Fondée à la Libération (1), la médecine du travail a pour mission d'éviter toute altération de la santé occasionnée par le travail. Ce n'est pas une médecine de soins - ce qui explique sans doute que cette spécialité soit dévalorisée – mais une médecine de prévention bénéficiant aux salariés, et que la loi mit à la charge de l'employeur et sous sa responsabilité.
Durant la seconde moitié du XXème siècle, la médecine du travail a privilégié une approche individuelle fondée sur l'aptitude du travailleur à exercer les tâches attribuées sans dommages pour sa santé, tentant de mettre en place des mesures de protection et de sécurité pour réduire les risques potentiels ou éviter que les accidents ou incidents survenus ne se reproduisent.

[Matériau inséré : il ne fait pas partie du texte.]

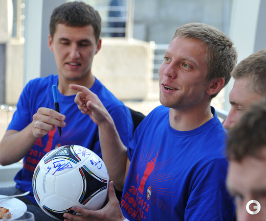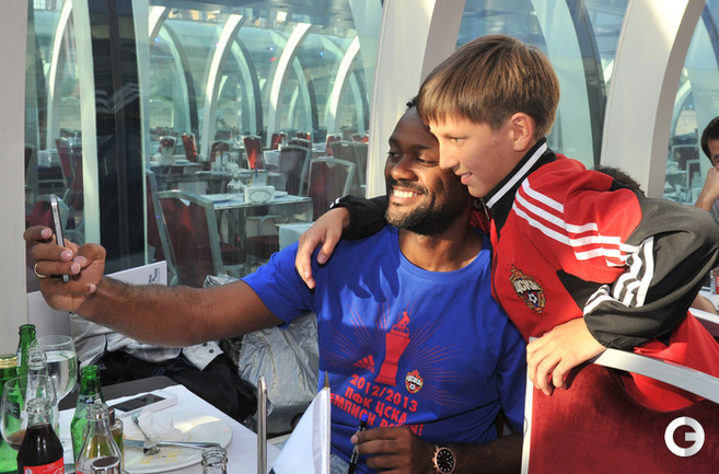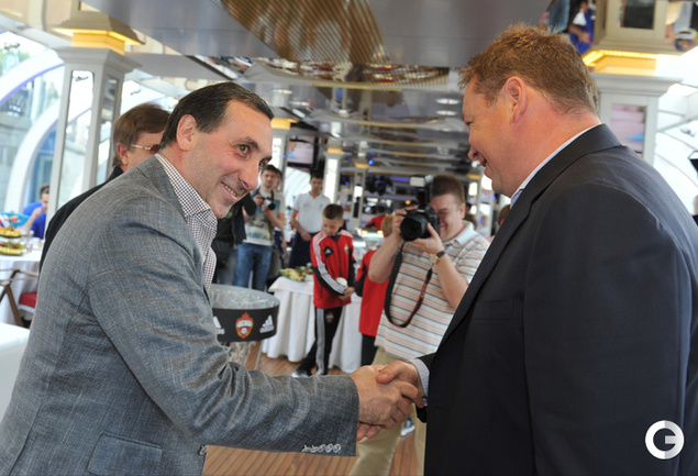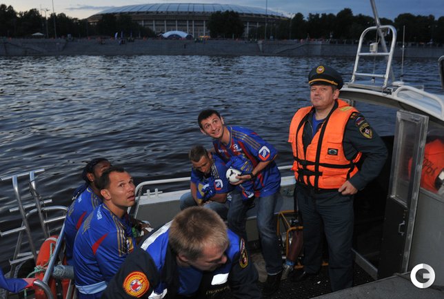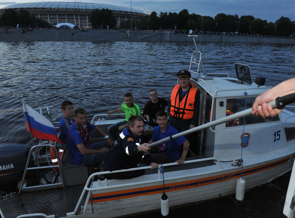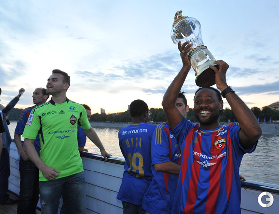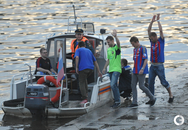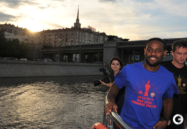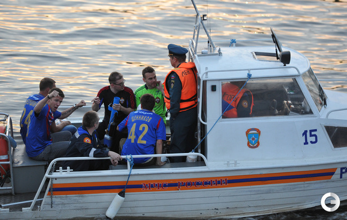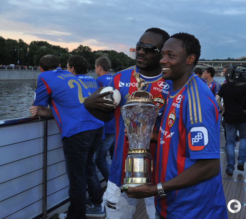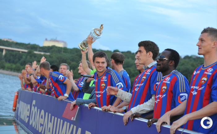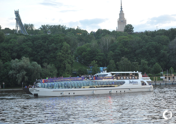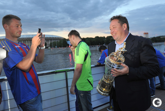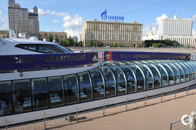 Новоиспеченные чемпионы России – игроки ЦСКА – вместе с чемпионским кубком отправились в плавание по Москве-реке на теплоходе. Фото Александра Федорова, Татьяны Дорогутиной, "СЭ"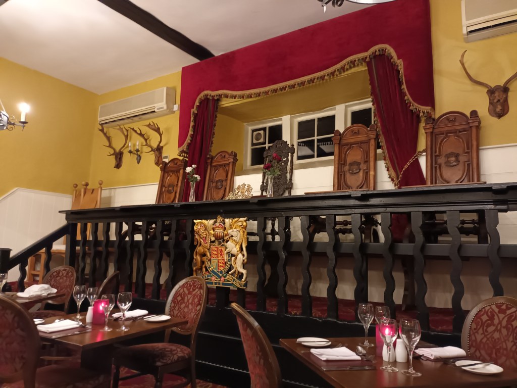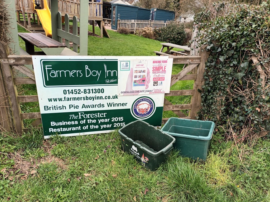 However, when I did reach a road, Bisley was in sight. It has two pubs. The first didn’t open till 5, so I sat on a bench outside and ate my satsuma. The Bull was open for liquid input and output, and cooked food had I needed it. Obviously popular with locals.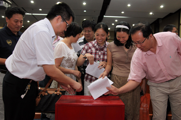 参会人员现场投放考评表。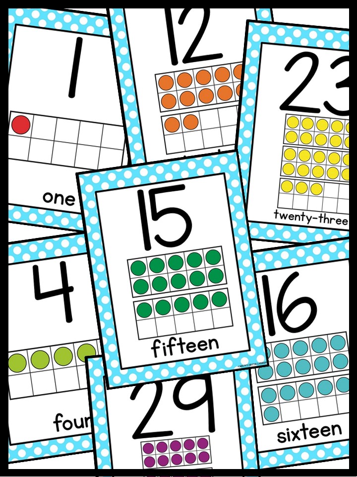 - Each Poster includes number, number word, and ten frames in rainbow colors.

Le médecin du travail reçoit ainsi le salarié en consultation, pouvant même se déplacer sur son lieu d'exercice pour évaluer la pénibilité de ses conditions de travail (2), il préconise ensuite à l’employeur des adaptations (aménagement du poste ou du temps de travail, changement d'affectation), lui propose ou rappelle des mesures de sécurité ignorées ou négligées, et en dernier recours déclare le salarié temporairement ou définitivement inapte au poste qu'il occupe afin de préserver sa santé. Ou même sa vie. Il ne doit pas en effet sous-estimer l'impact corporel de la pénibilité physique du travail et il lui faut anticiper le risque de «basculement», de suicide du salarié généré par la perte de sens de son métier du fait des méthodes de management imposées, ou par un harcèlement moral et des humiliations s'il se montre récalcitrant.
D'où l'importance de la mission dévolue au médecin du travail dont les avis devant légalement être suivis par l'employeur engagent la responsabilité judiciaire de ce dernier.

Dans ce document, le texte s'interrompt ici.